-------- AVAILABLE DATA

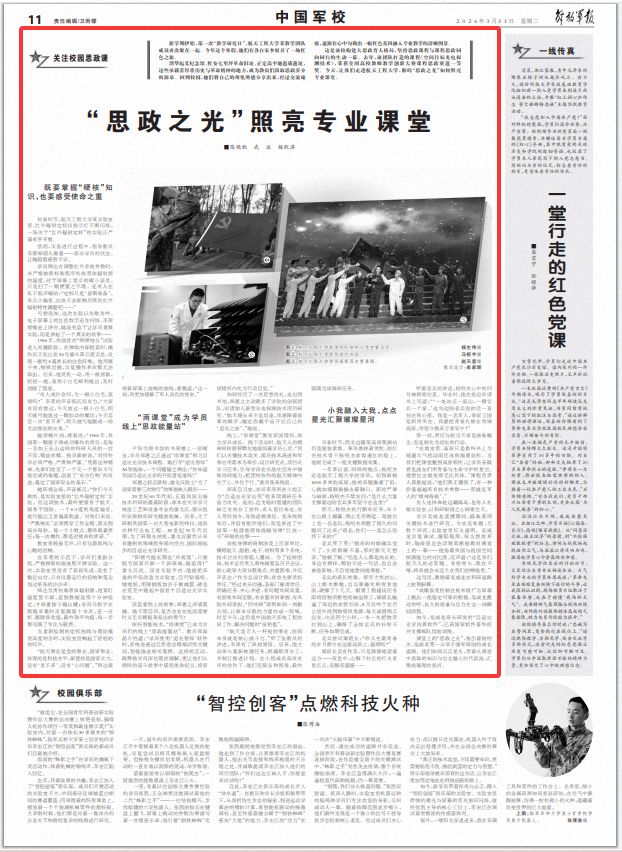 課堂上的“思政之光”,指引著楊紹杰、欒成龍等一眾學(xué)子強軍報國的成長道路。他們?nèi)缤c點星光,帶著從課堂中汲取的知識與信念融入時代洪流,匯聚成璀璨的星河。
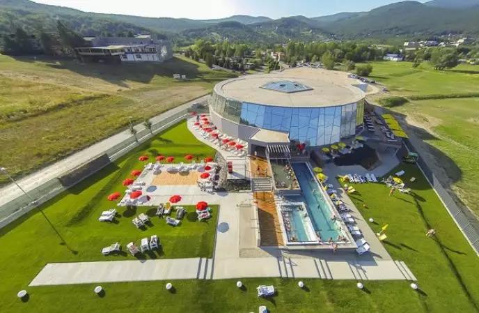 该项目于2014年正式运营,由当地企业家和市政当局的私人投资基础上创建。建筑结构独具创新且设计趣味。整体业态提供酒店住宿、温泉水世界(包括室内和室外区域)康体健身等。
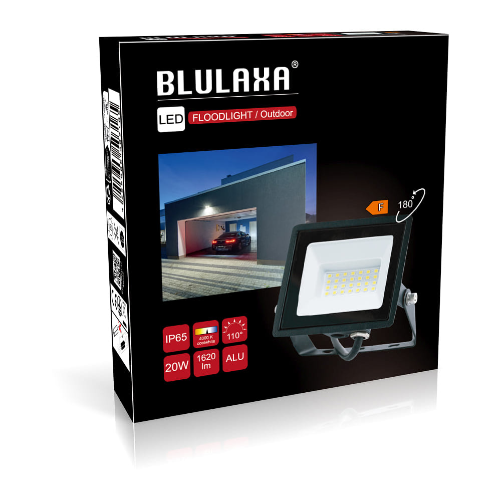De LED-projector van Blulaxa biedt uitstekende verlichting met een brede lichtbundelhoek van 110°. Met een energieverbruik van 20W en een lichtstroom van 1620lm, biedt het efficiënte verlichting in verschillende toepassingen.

----------------

* **ACTION ITEM**
Transcribe exactly the span of lines from the line holding "该项目于2014年正式运营,由当地企业家" through the last line above, both included. Pictures stay out.

* **RESPONSE TO THE EXERCISE**
 该项目于2014年正式运营,由当地企业家和市政当局的私人投资基础上创建。建筑结构独具创新且设计趣味。整体业态提供酒店住宿、温泉水世界(包括室内和室外区域)康体健身等。
De LED-projector van Blulaxa biedt uitstekende verlichting met een brede lichtbundelhoek van 110°. Met een energieverbruik van 20W en een lichtstroom van 1620lm, biedt het efficiënte verlichting in verschillende toepassingen.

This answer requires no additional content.